On March 10, 1971, the Senate voted 94–0 in favor of proposing the amendment and the House followed on March 23 by a vote of 401–19 in favor.

The proposed amendment read:

Section 1. The right of citizens of the United States, who are eighteen years of age or older, to vote shall not be denied or abridged by the United States or by any State on account of age.

Section 2. The Congress shall have the power to enforce this article by appropriate legislation.

On the very day the amendment was submitted by Congress Connecticut, Delaware, Minnesota, Tennessee, and Washington ratified it followed by Hawaii and Massachusetts the next day.  After that it was a scramble by the states to get on board, although some did so reluctantly feeling that they were being fiscally blackmailed into taking action.  Four additional states ratified it later in 1971 and South Dakota finally passed it in 2014. Seven states—Florida, Kentucky, Mississippi, Nevada, New Mexico, North Dakota, and Utah—have still not taken any action on the amendment.


Richard Nixon signed the Amendment as a witness surrounded by Congressional pages.

After signing as a witness to the certification of the amendment by the Administrator of General Services Robert Kunzig President Nixon said:

As I meet with this group today, I sense that we can have confidence that America’s new voters, America’s young generation, will provide what America needs as we approach our 200th birthday, not just strength and not just wealth but the “Spirit of ‘76” a spirit of moral courage, a spirit of high idealism in which we believe in the American dream, but in which we realize that the American dream can never be fulfilled until every American has an equal chance to fulfill it in their own life.

But in fact, Nixon feared that young voters would reject his re-election.  Democrats we hopeful that they would.  Neither was correct.  Many of the youth activists were disillusioned by electoral politics after the assassination of Robert Kennedy and the ’68 Democratic Convention debacle.  They failed for the most part to rally to Senator George McGovern’s candidacy the way many had for Kennedy or had “come clean for GeneMcCarthy.  McGovern accepted the nomination of a badly fractured and demoralized party and was star-crossed by disaster after disaster.  Nixon romped to reelection in an Electoral College landslide carrying all states but Massachusetts and claiming 60.7% of the popular vote.

In subsequent elections voters 21 and under consistently registered and voted in far lower numbers than older voters.  And polling showed that when they did vote, they were far from radical.  Most consistently reflected the political parties and choices of their parents.

The youth vote did occasionally affect local elections, especially in college towns like Madison, Wisconsin where they helped former student activist and avowed Socialist Paul R. Soglin get elected and re-elected as Mayor.  They also influenced hyper-local contests, especially in favor of school referendums.


A screen save from MTV's first Rock the Vote campaign in 1990.

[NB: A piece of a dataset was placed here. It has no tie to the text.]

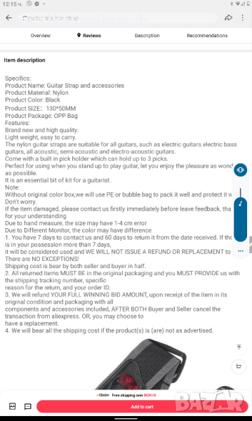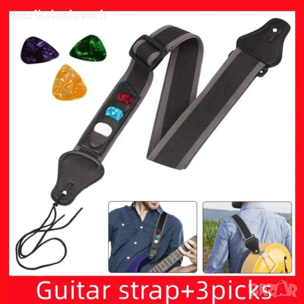 Колан за китара с кожени накрайници и място за перца /черно/ → Обява 44742229

Many attempts at mobilizing youth voting have been made, most significantly MTVs Rock the Vote Campaign that began in 1990.  But young voters did not have a significant influence until Barack Obama for whom they turned out strongly in 2008 and 2012.  But they largely failed to show up for Congressional off-year elections contributing Democrats losing the House of Representatives.

Bernie Sanders’ 2016 primary campaign did mobilize many youths.  The failure of significant numbers of them to support Hillary Clinton in November has been blamed for her narrow loss to Donald Trump but in the end, it was probably not the decisive cause of her defeat.  In 2020 beyond a hard core of support, Sanders did not do so well among younger voters, many of whom spread their support among his rivals especially Elizabeth Warren.  They initially showed little enthusiasm for Joe Biden.  But he got enough of their votes to push him to victory in key states because young voters especially regarded another four years as an existential threat.  


Youth leaders of the March for Our Lives extended their activism to Vote for Our Lives.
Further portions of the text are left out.